─── EXERCISE DATA ───
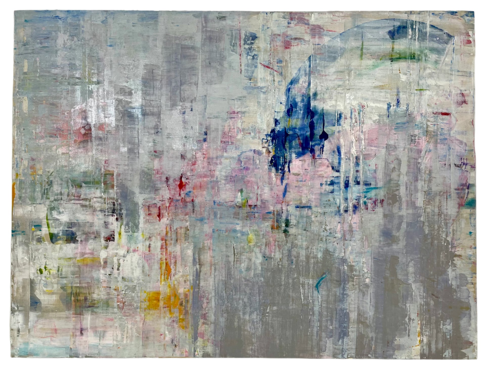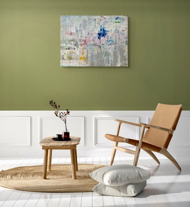 Multi-layered original acrylic painting on wooden panel, featuring soft dove grey, silver, pale lemon yellow, white, rose pink and a pop of teal.
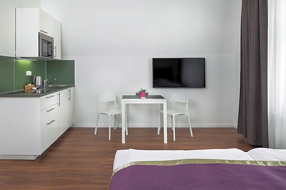 The suite has 1 bedroom and 1 bathroom with a bath or a shower and free toiletries. Guests can make meals in the kitchenette that features a stovetop, a refrigerator, kitchenware and a microwave. The suite features parquet floors, a seating area with a flat-screen TV with satellite channels, a tea and coffee maker, a wardrobe, as well as a safe deposit box. The unit has 1 bed.
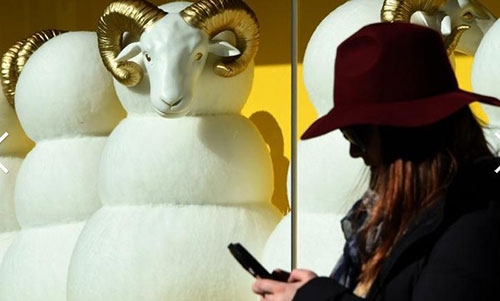 Một cô gái trước một cửa hiệu trang hoàng con cừu, biểu tượng của năm âm lịch sắp đến, tại thành phố Tokyo, Nhật Bản |
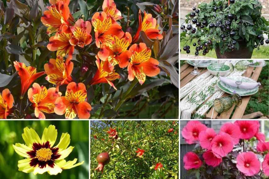 Des alstromères 'Indian Summer', orangés et jaunes contrastant sur leur feuillage bronze, feront très bel effet en compagnie de Coreopsis 'Cosmic Eye', d'un jaune lumineux, ponctué de pourpre, ou de la jolie variété toute jaune 'Full Moon Madness'. Rajoutons quelques autres longues floraisons comme celles d'un hibiscus des marais 'Pink Passion' aux fleurs géantes et feuillage pourpre foncé, et encore un peu de feuillage, avec la présence d'un grenadier cultivable en pot, comme le Punica granatum 'Nana', dont la floraison éclatante s'accordera à merveille avec les autres plantes vivaces. Pour picorer à l'heure de l'apéro, conviez par exemple des tomates cocktail étonnantes 'Akoya', dont les fruits deviennent noirs.
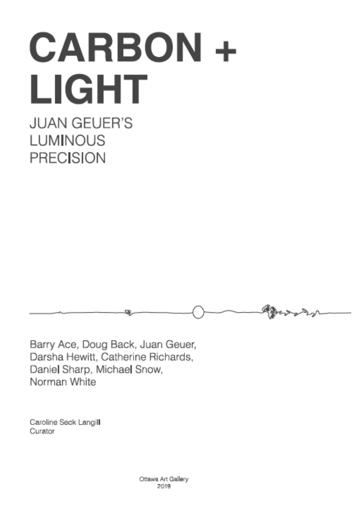 Carbon and Light: Juan Geuer’s Luminous Precision. Group exhibition. Curator – Caroline Seck Langill. Ottawa Art Gallery, Ottawa, Ontario
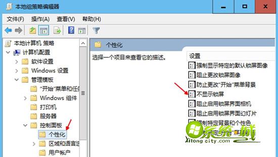 2、点开管理模板—控制面板—个性化—不显示锁屏,双击打开;
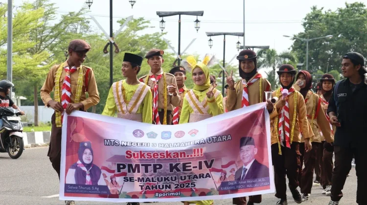 KBRN, Sofifi: Kepala Kantor Wilayah Kementerian Agama Provinsi Maluku Utara secara resmi melepas Pawai Karnaval Perkemahan Madrasah Tingkat Provinsi Maluku Utara Tahun 2025 yang dipusatkan di pelataran Kantor Wilayah Kemenag Maluku Utara, Selasa (30/12/2025).
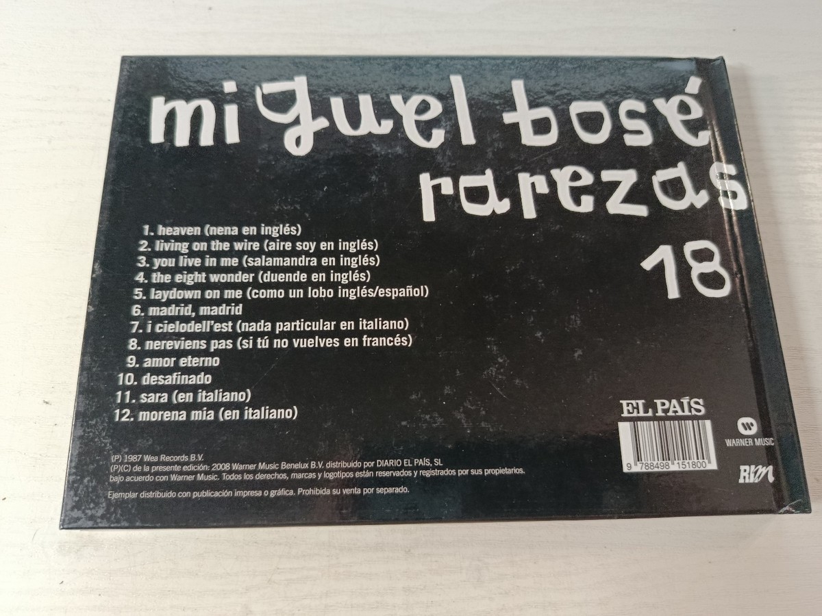 Miguel Bose, Rarities, livre CD, Warner 2008, edition speciale, collection, titres rares, versions en anglais, francais, italien, pop espagnole, musique des annees 80 90 2000, collection, CD rare, digibook, El País, collectionneur Bose, musique internationale
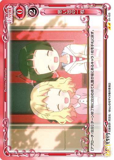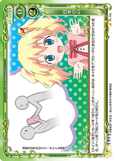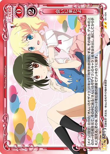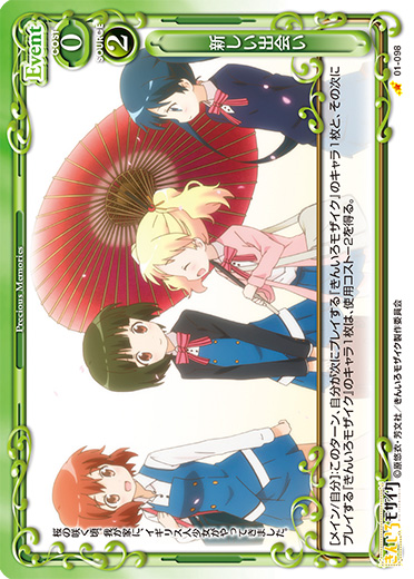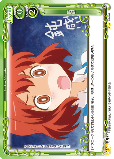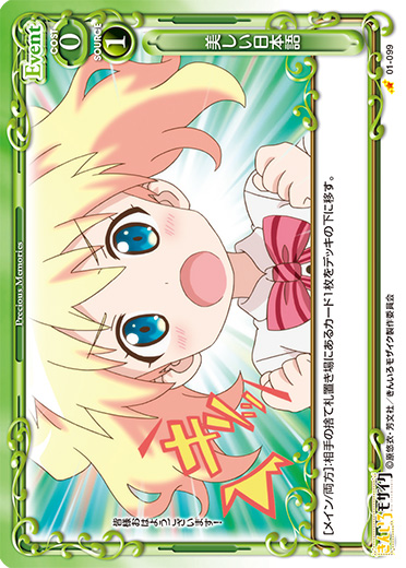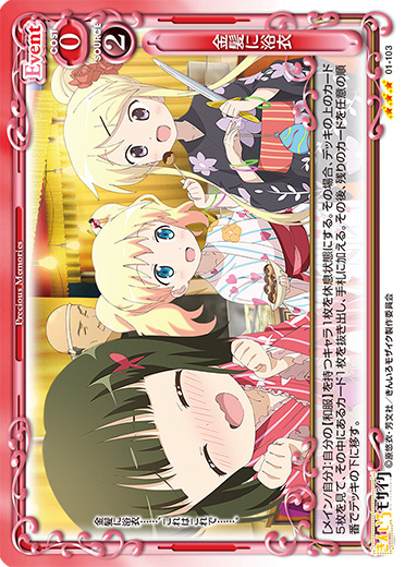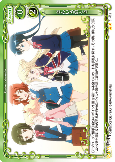 | [メイン/自分]:このターン、自分が次にプレイする『きんいろモザイク』のキャラ1枚と、その次にプレイする『きんいろモザイク』のキャラ1枚は、使用コスト-2を得る。 | ||
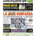 Juve al comando e chance di fuga – Una rimonta costruita step by step ma non è affatto finita. Alle 16,55 di ieri la Juve ha ripreso il suo posto da sola in testa alla classifica di serie A e alle 22,45 l’ha blindato. Otto giorni per rimettere mano sul primato. Rispetto a sabato scorso, ora la Juventus può anche perdere lo scontro diretto, per vincere lo scudetto le basterà vincere tutte le altre. (Alberto Polverosi – Corriere dello Sport)
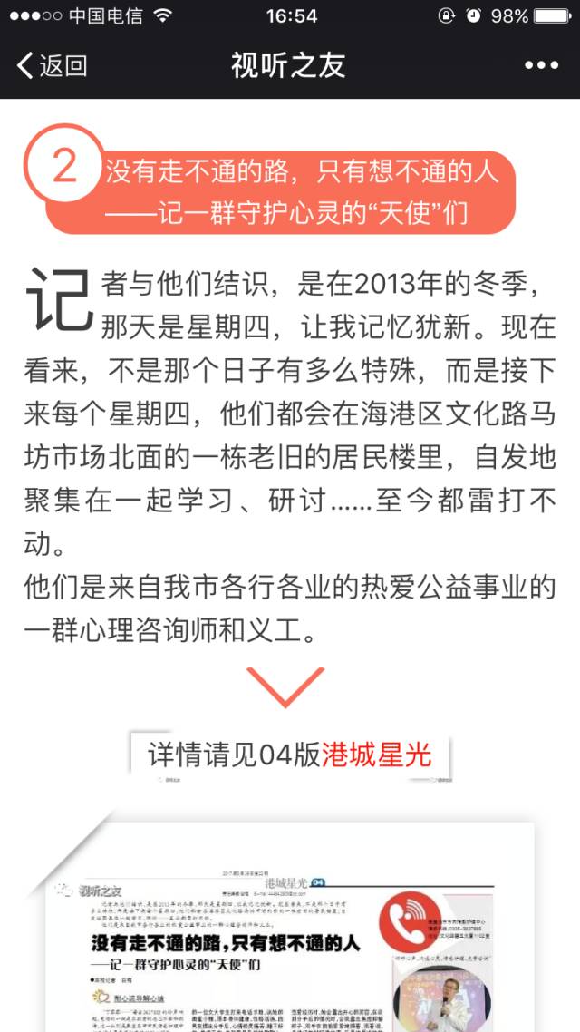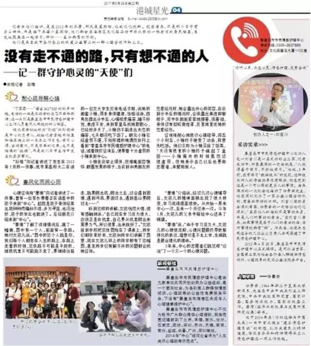 2017年5月26日,第22期《視聽之友》第四版“港城星光”欄目記者白梅的一篇《沒有走不通的路,只有想不通的人》,再次報道了秦皇島市市民情感護理中心的事跡和由來。
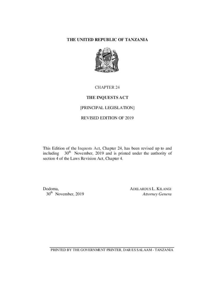 THE UNITED REPUBLIC OF TANZANIA CHAPTER 24 THE INQUESTS ACT [PRINCIPAL LEGISLATION] REVISED EDITION OF 2019This Edition of the Inquests Act, Chapter 24, has been revised up to and including 30th November
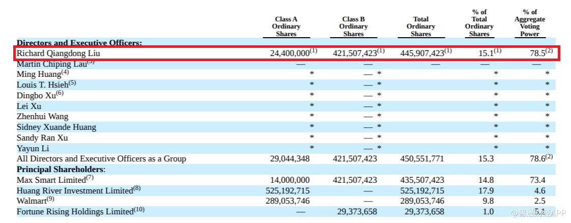 刘强东共持有2440万股A类普通股,以及421507423股B类普通股,占总流通股股本的15.1%,以及投票权的78.5%。根据京东递交的2018年财报显示,截至2019年2月28日,刘强东本人持有15.4%的股权,并拥有79%的投票权。
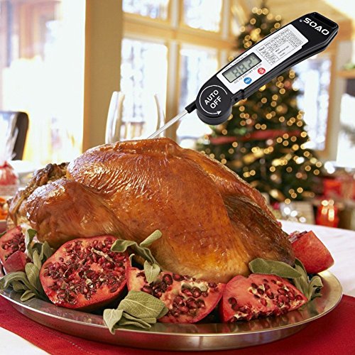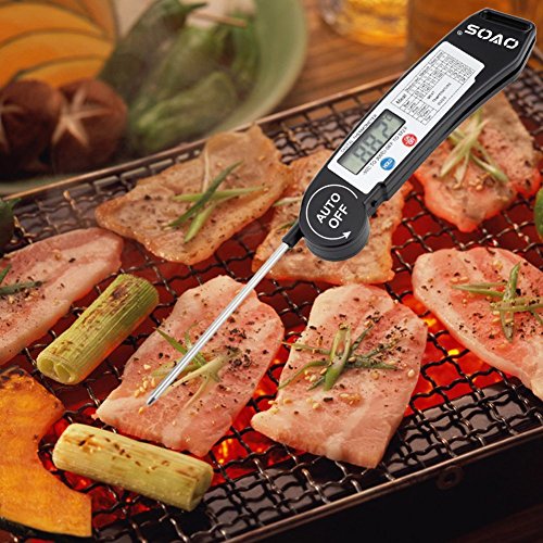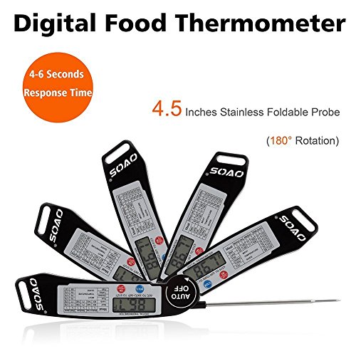 INSTANT READ THERMOMETER: Just need 4-6 seconds digital readout, the temperature is displayed on the built-in LCD, improve work efficiency, the kitchen gadgets is very suitable busy chefs and hectic kitchens.
───
EXERCISE GOAL
Using the listing above, reproduce word for word every line from the one containing "The suite has" through the one containing "Một cô gái trước". Pictures must be left out.

RESPONSE TO THE TASK
 The suite has 1 bedroom and 1 bathroom with a bath or a shower and free toiletries. Guests can make meals in the kitchenette that features a stovetop, a refrigerator, kitchenware and a microwave. The suite features parquet floors, a seating area with a flat-screen TV with satellite channels, a tea and coffee maker, a wardrobe, as well as a safe deposit box. The unit has 1 bed.
 Một cô gái trước một cửa hiệu trang hoàng con cừu, biểu tượng của năm âm lịch sắp đến, tại thành phố Tokyo, Nhật Bản |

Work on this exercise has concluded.